As tempting as it may be to cuddle your pup in bed at night, you might regret it as they get bigger! A dog needs its own space so it can grow into a well-balanced pooch who has no problems spending time alone.

“I was quite naive when it came to getting my rescue pup, Sky. She is very big and fluffy so all I wanted to do was give her cuddles. I may have encouraged her on the bed a few too many times for cuddles because now my husband and I get woken up around 2-3am most nights because she has hopped on and tried to wedge herself between the two of us for some cuddles. The best part is that because she is quite a large dog, she often ends up landing on my face and I get woken up with a mouthful of fur!  So, the lesson is... maybe don't give into temptation when it comes to letting them on the bed.” – Sophie with Sky

A dog sleeping with a coffee in his paws

Don't put lights on

Don’t leave the main light on for them at night as this might confuse your dog as they get accustomed to the different times of the day.
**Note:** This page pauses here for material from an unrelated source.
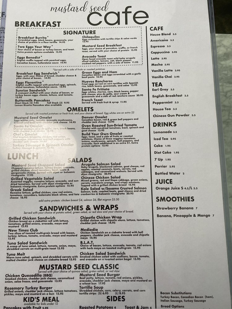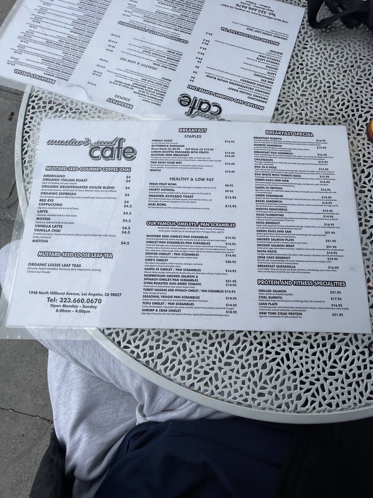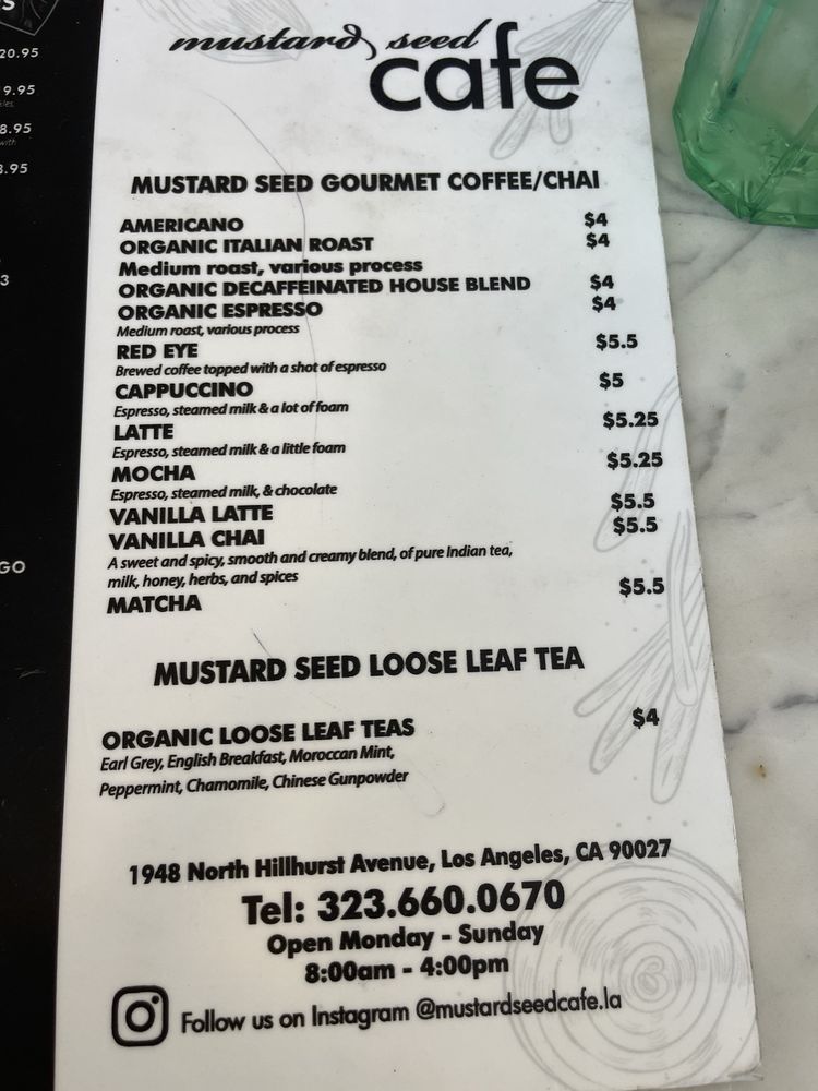 Mustard Seed Café, located in Los Angeles, offers a diverse menu with options for everyone. From traditional breakfast staples like French Toast and Pancakes, to healthy choices like Fresh Fruit Bowls and Acai Bowls, there is something for every palate. Their Breakfast Specials, like the Breakfast Burrito and Chilaquiles, showcase a fusion of flavors that will leave you satisfied. Customers rave about the Lemon Ricotta Pancakes and Chipotle Chicken Wrap, praising the generous portions and reasonable prices. The cozy ambiance and attentive service add to the overall dining experience. Whether you're a regular or a first-time visitor, Mustard Seed Café is a must-try destination for a delicious and fulfilling meal.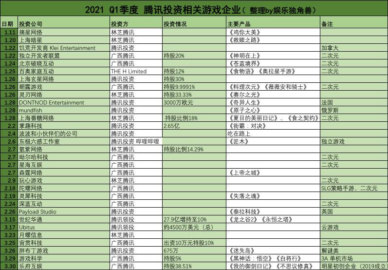 事实上,在2021年刚过去的三个月里,游戏投资领域风云突变。仅由腾讯发起的游戏相关投资便多达31起。娱乐独角兽根据公开信息,整理了2021年第一季度腾讯在游戏领域的投资。可以看到,这31家游戏公司,以二次元CP公司、海外开发商、3A潜力团队及A股头部的数量依次排列。

If you’d like to provide them with some comfort, a night light might help.

Don’t use their bed space as punishment

You want your dog to have a positive association with their bed or crate so that it’s easier for them to settle at bedtime. Avoid using their sleeping area as punishment, so that they know it’s a safe space.

Don’t place their beds near drafts

If your dog’s space is cold and uncomfortable, they’re not going to want to sleep there. Make sure you place their bed or crate in a warm area of the house.

Will crate training help my dog’s bedtime routine?

Crates come in handy for dogs who need to adjust to their new surroundings, who might need a break from all the noise around them, are recovering from surgery or just need a familiar place to rest. Here are some dos and don’ts for using a crate for your dog at night.

Do take things slow and steady

You should introduce your dog to the crate gradually, especially if they’re going to sleep in it. When your pup is home, get them used to the crate by throwing a treat in and keeping the door open so they’re able to explore it in their own time. From here, slowly increase the time they spend in it until you’re happy leaving them over night.  

Do make it comfortable for them

Use a bed and blankets to create comfy space in their crate so that they’re more inclined to want to spend time in there. Covering the crate (but making sure it’s still breathable!) can make it cosier and more appealing too, as it helps block out some of the hustle and bustle of everyday life.

Do line the bottom of the crate

Using puppy pads to line the bottom of the crate can make cleaning up a lot easier if your puppy has an accident or can’t wait until morning before needing the toilet. You can use less as they grow and become housetrained.

Do make sure it’s big enough

Picking a crate that’s big enough for your dog is important in making sure it’s comfortable for them when they use it. You’ll need to measure your dog for this, with the ideal size allowing your dog to stand up without ducking their head, and to lie down and stretch without being cramped. If you’re buying for a pup there are crates that include a divider panel so that the space can "grow" as your dog does.

Don’t use the crate as a punishment

We know we've already said this but we really can't stress this enough. Never be tempted to close your pup in their crate as punishment for something they might have done wrong. This will give them a very negative association with a space that’s supposed to be safe.

Don’t use it for long periods of time

No matter how much your pup might enjoy their crate, never leave them in for longer than necessary. Your dog needs exercise, time to play and human interaction.